Liselotte Sabroe | Afp | Getty Images
Novo Nordiskexperimentally with high doses an anti-obesity pill it has now helped overweight or obese adults lose about 15% of their body weight results of late-stage clinical trials.
The Danish company presented the data on a diabetes conference Sunday. Novo Nordisk told Reuters intends to invest Food and Drug Administration drug approval later this year.
Novo Nordisk is fighting to maintain its dominant position in a booming market for weight loss drugs like new contestants like Eli Lilly and Pfizer develop their own effective treatments.
Novo Nordisk’s tablets are an oral version of semaglutide, the active ingredient in the company’s successful weight-loss injections Ozempic and Wegovy. Semaglutide mimics a hormone produced in the gut called GLP-1 that signals the brain when a person is full.
Novo Nordisk already has an FDA-approved oral semaglutide marketed under the brand name Rybelsus to treat type 2 diabetes. But Rybelsus’ maximum dose is 14 milligrams, while the company’s experimental obesity pill has a much higher dose of 50 milligrams.
The phase 3 trial followed 667 obese and overweight adults who did not have type 2 diabetes.
Patients who took a 50-milligram pill once a day for 68 weeks lost an average of 15.1% of their weight when used along with diet and exercise, Novo Nordisk reported. This compares to 2.4% in patients taking placebo.
About 85% of patients taking the pill lost at least 5% of their body weight, compared to only 26% of those taking the placebo.
Weight loss also led to “improvements in physical functioning, providing participants with an improved quality of life for daily activities,” says Dr. Philip Knopprofessor of endocrinology at the University of Copenhagen, who worked on the study, said in a statement.
The new data suggests that the high-dose pill may be as effective as Novo Nordisk’s weekly injection of Wegovy, which also caused about 15% weight loss after 68 weeks.

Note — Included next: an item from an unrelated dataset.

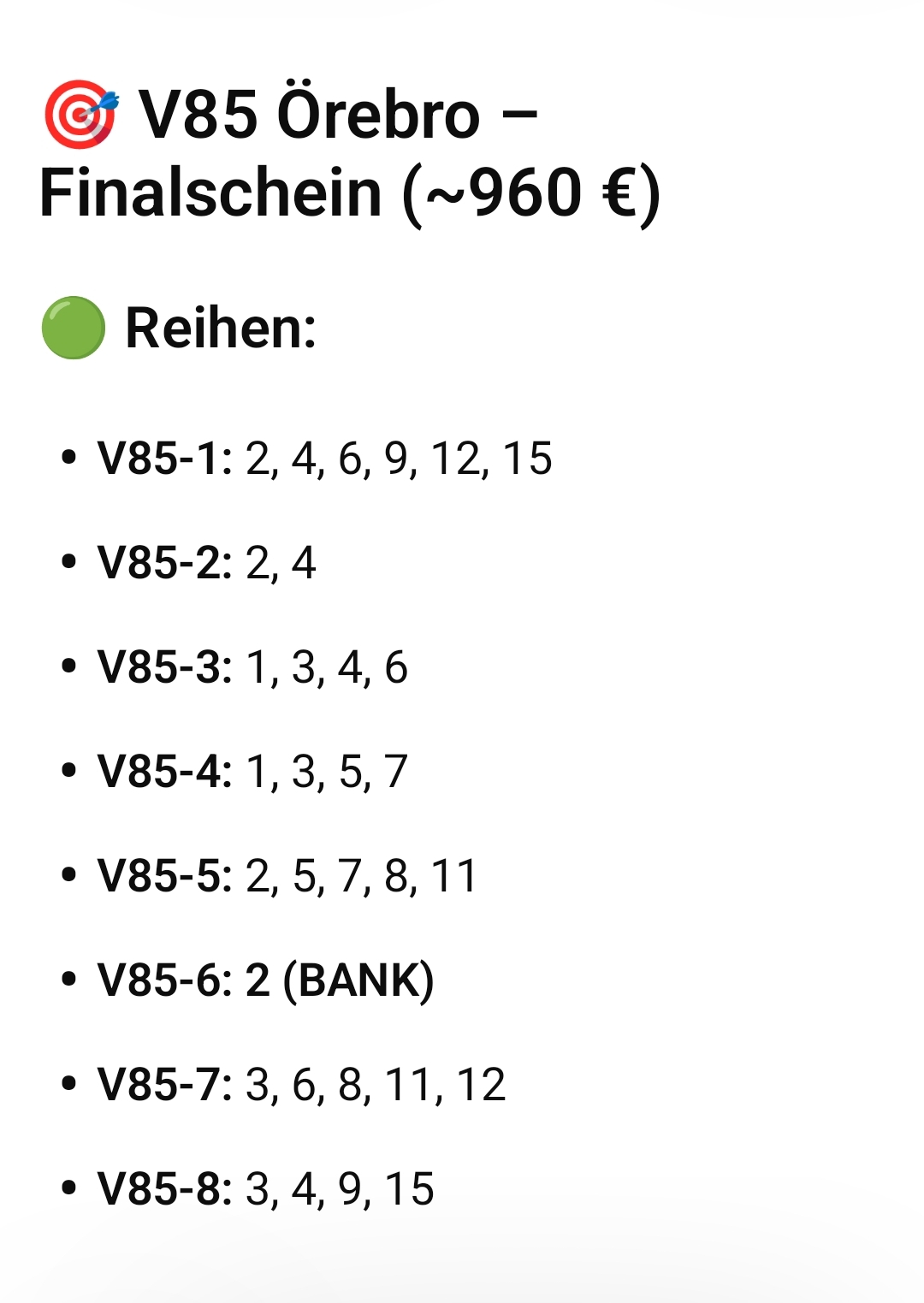 Habe jetzt ein bischen das Samstag Programm mit dem Jackpot durchgeschaut und es sieht alles anderes als leicht aus wobei leicht is es ja nie , habe aber selten so viele ausgeglichene Rennen gesehen wie dieses mal . Wünsche dir viel Glück lieber Walter und bis Samstag einen rauchenden Kopf 🤣😉 |

But a pill would be a much more convenient way to treat obesity.
Knop said that offering the pill to the public “would allow people who are struggling to lose weight through diet and exercise alone to take this effective drug in the way that works best for them.”
Other companies are also developing oral weight loss treatments to appeal to those who don’t want weekly injections.
Overweight or obese patients who took Eli Lilly’s experimental pill orforglipron lost 14.7% of their body weight after 36 weeks, according to mid-stage clinical trial results the company announced Friday.
Pfizer is also developing its own weight loss pill, danugliprone, which patients take twice a day.
But the pharmaceutical giant said on Monday that it would stop development his other experimental oral drug, lotiglipronedue to elevated liver enzymes in patients.
Companies have begun to focus more on the weight loss industry after Novo Nordisk’s Ozempic and Wegovy were catapulted into the national spotlight in recent years.
Social media influencers, Hollywood celebrities and even a billionaire tech mogul Elon Musk are supposed to use popular injections to get rid of unwanted weight.
This popularity triggered a general shortage and increase cheaper copies medicines.
Shortages and other factors, such as high out-of-pocket costs without insurance or unpleasant side effects, have forced some people to stop taking Ozempic or Wegovy. Many users have complained weight gain that is difficult to control.
More than two out of five adults are obese, according to the National Institutes of Health. About one in 11 adults is severely obese.